Upgrading to 1.5.4 via Helm

This is the rough outline of how we successfully did an in-place control + data plane upgrade from Istio 1.4.7 -> 1.5.4 via the official Helm charts.

Upgrade was

applied via scripting/automation
on a mesh using
- mTLS
- Istio RBAC via AuthorizationPolicy
- telemetry v1
- tracing enabled, but Jaeger not deployed via istio chart
- istio ingress gateway + secondary istio ingress gateway
- active traffic flowing through without any observed increase in error rates

1. Review upgrade nodes

This ignores anything specifically mentioned in the upgrade notes.

2. Pre-upgrade gotchas

Bug in RBAC backward compatibility with 1.4 in 1.5.0 -> 1.5.2, fixed in 1.5.3
- istio/istio#23064
issue with visibility of ServiceEntrys being scoped using Sidecar resource
- istio/istio#24251 subsequent added to the upgrade notes
All traffic ports are now captured by default; this caused our non-mTLS metrics ports to start enforcing mTLS which they previously did not do on 1.4.7
- Fix: exclude metrics ports via sidecar annotations traffic.sidecar.istio.io/excludeInboundPorts: "9080, 15090"

3. Pre-upgrade scripting

#!/usr/bin/env bash

# In 1.4 Galley manages the webhook configuration; in 1.5 Helm manages it and it is patched by galley dynamically 
# without `ownerReferences`, so we can detect if we have upgraded Galley already
if kubectl get validatingwebhookconfiguration/istio-galley -n istio-system -o yaml | grep ownerReferences; then
  echo "Detected 1.4 installation - preparing Helm upgrade to 1.5.x by deleting galley-managed webhook..."

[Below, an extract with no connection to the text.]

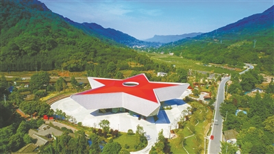 以紅色五角星形狀呈現(xiàn)的四川紅軍長(zhǎng)征數(shù)字展示館。
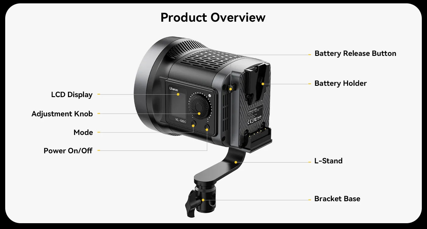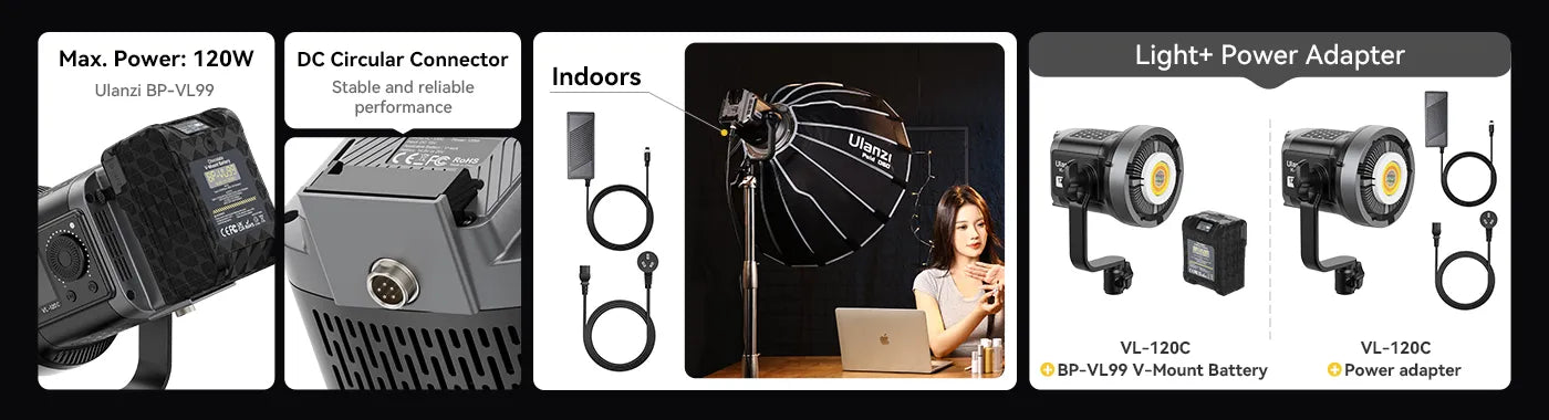 Izboljšajte osvetlitev svojih videoposnetkov z dvobarvno/RGB V-Mount video lučjo Ulanzi 120W. Ta vsestranska luč je idealna za snemanje porok, kratkih videoposnetkov, livestreaming e-trgovine in fotografiranje izdelkov, saj zagotavlja enakomerno, mehko osvetlitev z visoko učinkovitimi COB-žarnicami.

  # Disable webhook reconciliation so we can delete the webhook
  kubectl get deployment/istio-galley -n istio-system -o yaml | \
    sed 's/enable-reconcileWebhookConfiguration=true/enable-reconcileWebhookConfiguration=false/' | \
    kubectl apply -f -

  # Wait for Galley to come back up
  kubectl rollout status deployment/istio-galley -n istio-system --timeout 60s

  # Delete the webhook
  kubectl delete validatingwebhookconfiguration/istio-galley -n istio-system

  # Now we can proceed to helm upgrade to 1.5 which will recreate the webhook
fi

3. Istio Upgrade

Not to be taken literally - this is pseudo-script...

helm upgrade --install --wait --atomic --cleanup-on-fail istio-init istio-init-1.5.4.tgz

# scripting to wait for jobs to complete goes here

helm upgrade --install --wait --atomic --cleanup-on-fail istio istio-1.5.4.tgz

# scripting to bounce `Deployment`s for injected services goes here

3. Post-upgrade gotchas

We noticed issues with ingress gateways coming up during the control plane upgrade.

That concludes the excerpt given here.